Doña Maria, who lives in La Casona, an indigenous territory in southern Costa Rica, is a key liaison between indigenous community members and the non-indigenous living outside the territory. As a "partera" or traditional midwife, she assists Ngäbe-Buglé women in La Casona to give birth in their homes in accordance with traditional customs.  "I have [birthed] many, she says, "Maybe 30, but they are all big." She points to her home and continues, "The little boy here… I cut his umbilical cord, but now he's big and has his own babies."

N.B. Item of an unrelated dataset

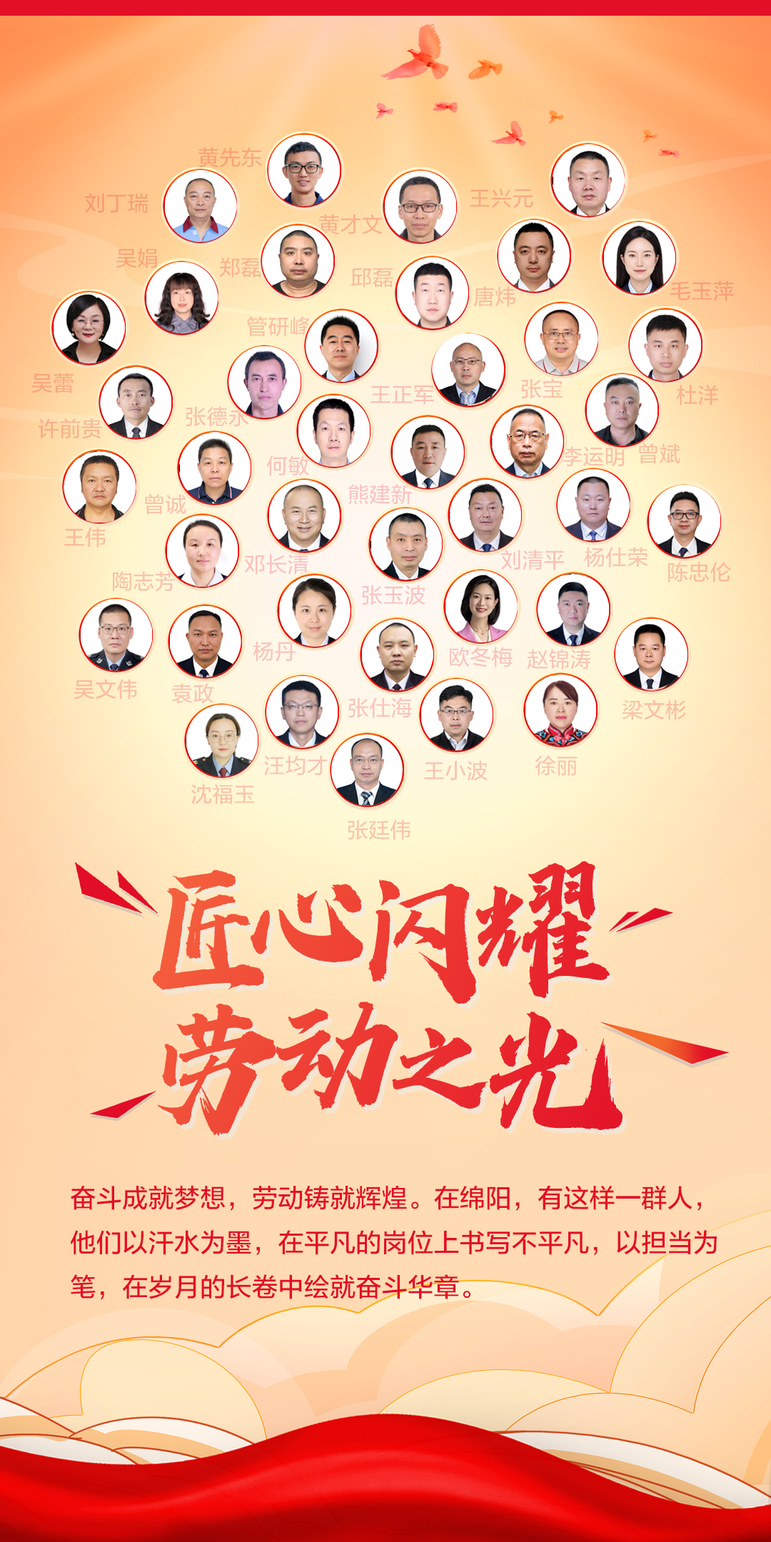 在平凡的崗位上,他們奮斗的身影綻放出最美芳華。綿陽受到表彰的40名四川省第九屆勞動模范和先進工作者都非常激動:“獲得這個榮譽是一種鼓勵和鞭策,希望在以后的工作中,始終用‘勞?!臉藴蕠栏褚笞约海煌跣?,再接再厲!”

Doña Maria explains why some indigenous women prefer home births: "We all have some shame, and in the hospital the doctor puts his hands all over you, and he looks at you. I don't like all that, so I decided to have all my births at home. Young girls, they think that it is safer to give birth in the hospital, but that's not true," she says. "Before, there were lots of people. They would call me from all over. Now more women go to the hospital. I think young women are scared to give birth in the house, because they don't know—they think the hospital is better." 

The transition from traditional births to hospital births is one of many changes that have occurred in La Casona. As young women have access to larger cities, different cultures, and experiences, they shape new norms in the community. 

"The culture Ngäbe-Buglé is gone," says Doña Maria, "What can I do about it?"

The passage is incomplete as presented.